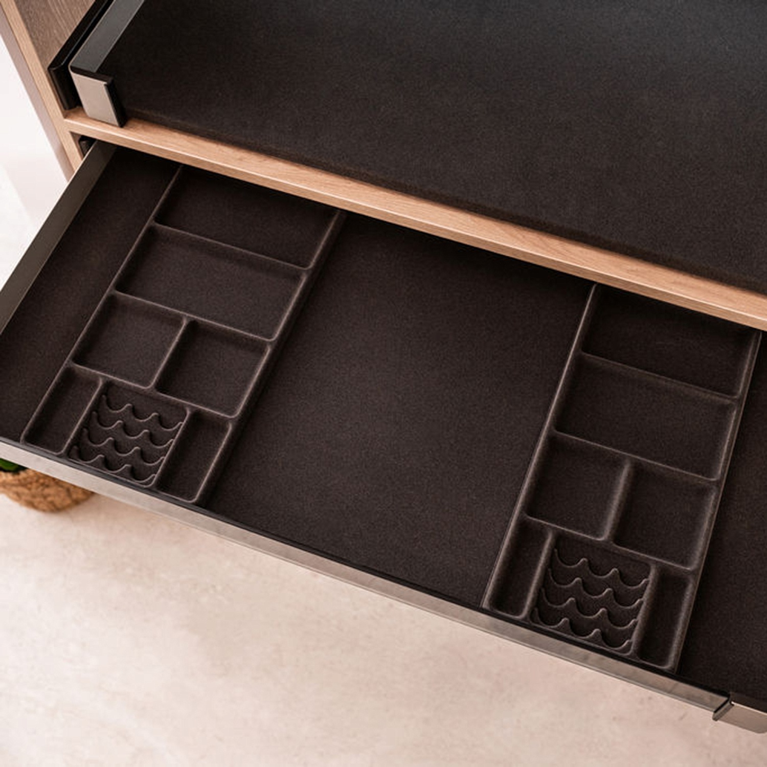 Особенно нежно с драгоценностями обращаются вкладки из флока: мягкий, бархатистый материал предотвращает царапины, скольжение и запутывание цепочек. Такой органайзер не просто хранит украшения — он заботится о них, как о самом дорогом. Идеальный подарок для тех, кто ценит порядок, красоту и внимание к деталям.
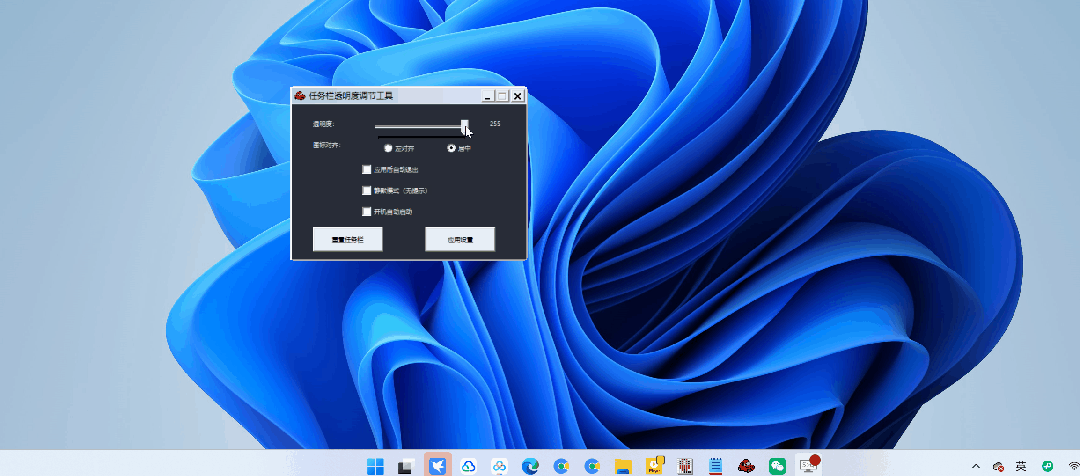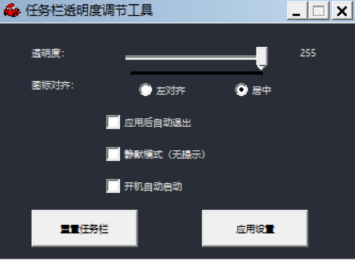 软件介绍 任务透明度调节可以通过PowerToys和TranslucentTB等等来实现,不过如果你只要任务栏透明度调节的功能,那么安一款PowerToys有点大材小用了。 软件使用 这时我们可以用今天的这款小工具,其大小仅88K,非常非常小。 软件就两个功能,一个是透明度,一个是图标对齐的功能,自己调节后点【应用设置】即可。 软件小巧、功能也简单,挺不错的! 软件下载 夸克 迅雷
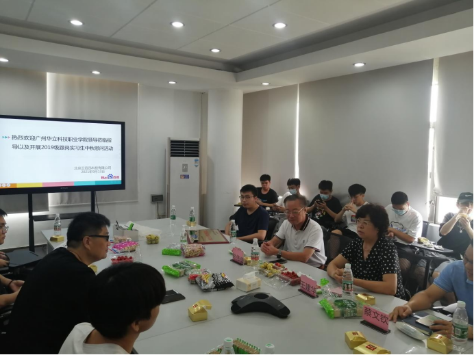 9月13日,中秋佳節(jié)之際,廣州華立科技職業(yè)學(xué)院黨委書記林偉健、計(jì)算機(jī)信息工程學(xué)院院長(zhǎng)王建華、校外教學(xué)副主任蔡文欽、校外干事黃志強(qiáng)老師一行到北京云百訊科技有限公司佛山分公司看望2019級(jí)跟崗實(shí)習(xí)的65位學(xué)生,開展中秋節(jié)慰問活動(dòng)。

■ The problem ■
Return the lines exactly, from the one containing "软件小巧、功能也简单,挺不错的! 软件下载 夸克 迅雷" through the last line above, including both ends and excluding every picture.

■ Solution below ■
 软件介绍 任务透明度调节可以通过PowerToys和TranslucentTB等等来实现,不过如果你只要任务栏透明度调节的功能,那么安一款PowerToys有点大材小用了。 软件使用 这时我们可以用今天的这款小工具,其大小仅88K,非常非常小。 软件就两个功能,一个是透明度,一个是图标对齐的功能,自己调节后点【应用设置】即可。 软件小巧、功能也简单,挺不错的! 软件下载 夸克 迅雷
 9月13日,中秋佳節(jié)之際,廣州華立科技職業(yè)學(xué)院黨委書記林偉健、計(jì)算機(jī)信息工程學(xué)院院長(zhǎng)王建華、校外教學(xué)副主任蔡文欽、校外干事黃志強(qiáng)老師一行到北京云百訊科技有限公司佛山分公司看望2019級(jí)跟崗實(shí)習(xí)的65位學(xué)生,開展中秋節(jié)慰問活動(dòng)。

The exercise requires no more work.